UNI est la fédération syndicale internationale du commerce de détail, de la finance, des communications et d’autres secteurs de services de l’économie mondiale. Les syndicats affiliés à UNI représentent plus de 20 millions de travailleurs dans 150 pays, dont des milliers de travailleurs du commerce de détail d’EssilorLuxottica dans le monde entier. Sa Secrétaire générale Christy Hoffman a déclaré :

“Ayant mené moi-même des campagnes de recrutement syndical aux États-Unis pendant de nombreuses années, je sais combien la campagne anti-syndicale agressive, promouvant la peur, menée par la direction de Luxottica, entrave les droits à la syndicalisation de ses salariés. Nous espérons que la médiation dans le cadre des Principes directeurs de l’OCDE et leur “approche positive” de la syndicalisation pourront rétablir le respect de la liberté syndicale des travailleurs et travailleuses de McDonough. Avec l’acquisition potentielle du détaillant néerlandais GrandVision, l’entreprise est sur le point d’étendre sa présence dans le secteur ; il est donc d’autant plus important qu’elle respecte les droits de l’homme dans le cadre de toutes ses activités.”

Les Principes directeurs de l’OCDE prévoient que les PCN décident dans un délai de trois mois d’accepter ou non le dossier pour examen et de parrainer la médiation du différend, après avoir donné aux travailleurs et travailleuses, aux syndicats, aux entreprises et aux investisseurs la possibilité de présenter leurs points de vue.

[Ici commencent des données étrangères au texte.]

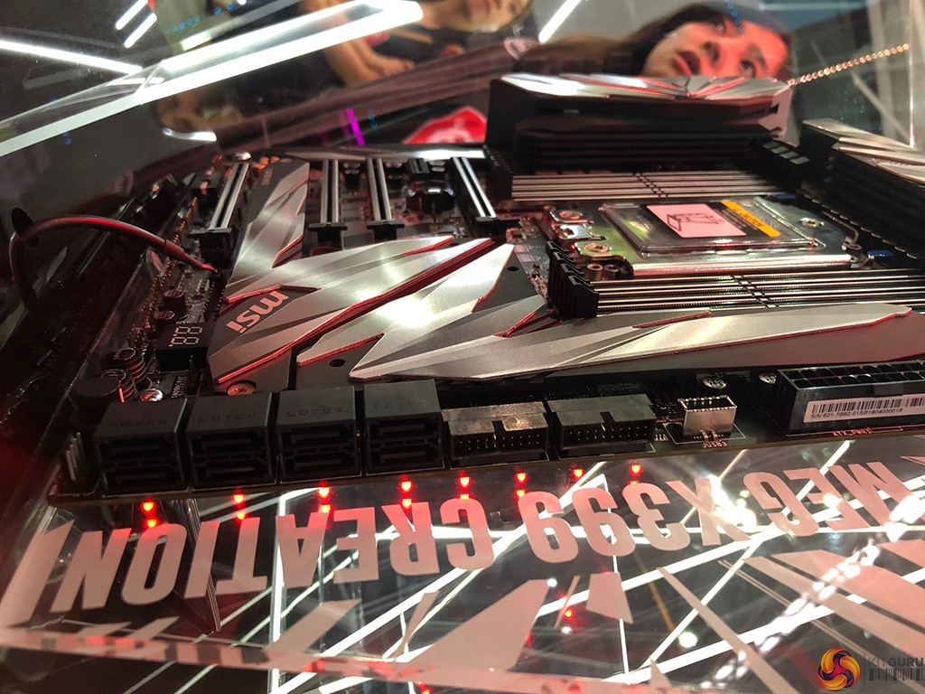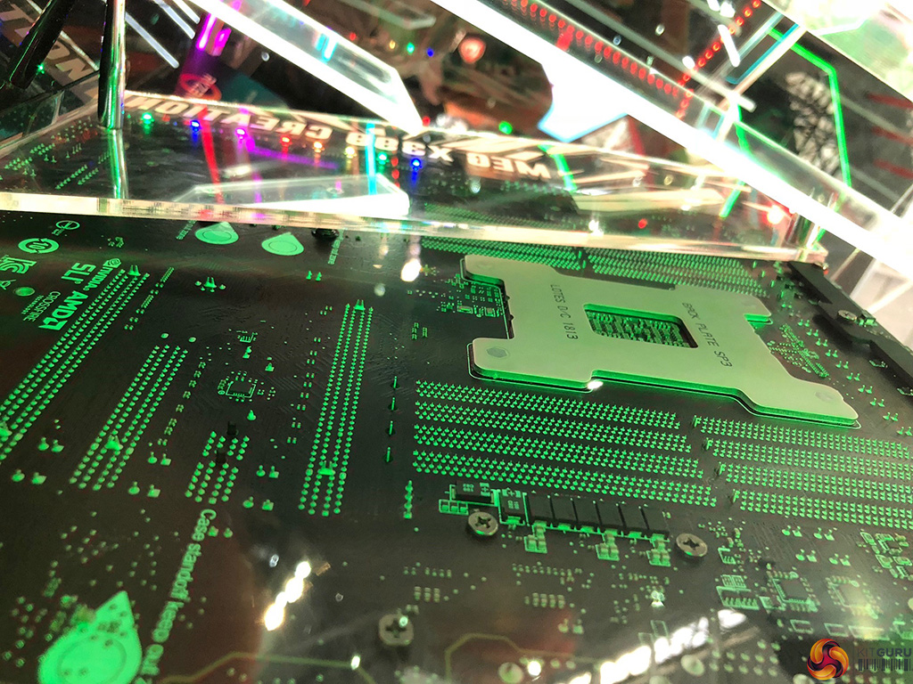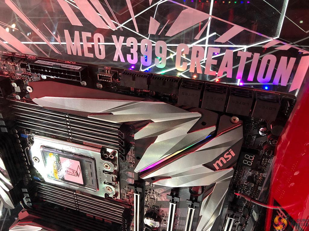 We'll start off with the new X399 prototype, which you can see in the images above. This is the new MEG X399 prototype, which should go into production towards the end of July. For this one, MSI's R&D team were given free reign, and they used that opportunity to create quite the spec-sheet. The MEG X399 has eight memory slots, four PCIe slots and a 19 phase digital power design.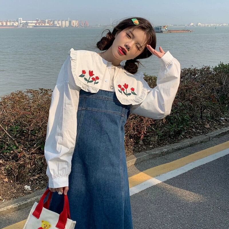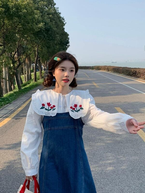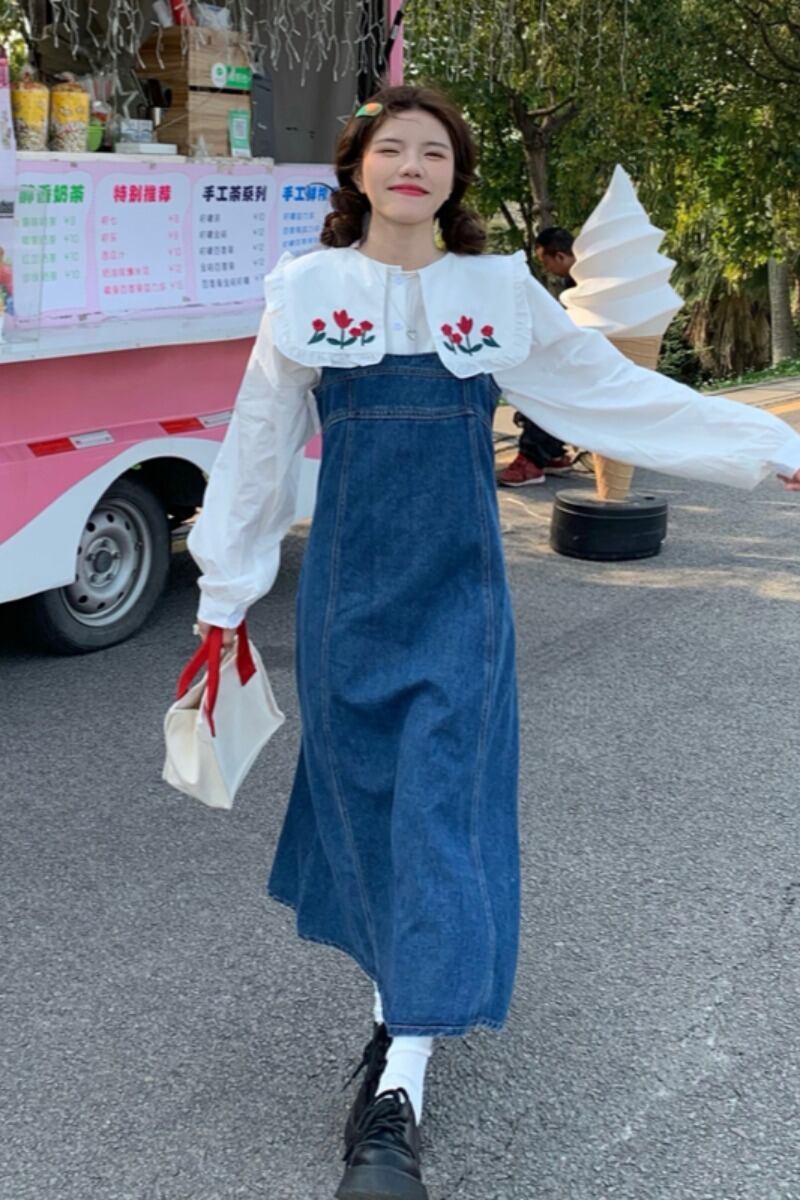 色:白い刺繍入りシャツ,デニムストラップドレス

“Nous espérons qu’une médiation parrainée par les PCN permettra d’aligner la politique de la direction américaine de Luxottica sur celle de sa maison-mère, qui négocie avec les syndicats sur base de respect mutuel”,

a déclaré Carl Kennebrew, Président de l’IUE-CWA, la section manufacturière du syndicat, qui supervise les efforts de syndicalisation dans l’usine de McDonough, en Géorgie.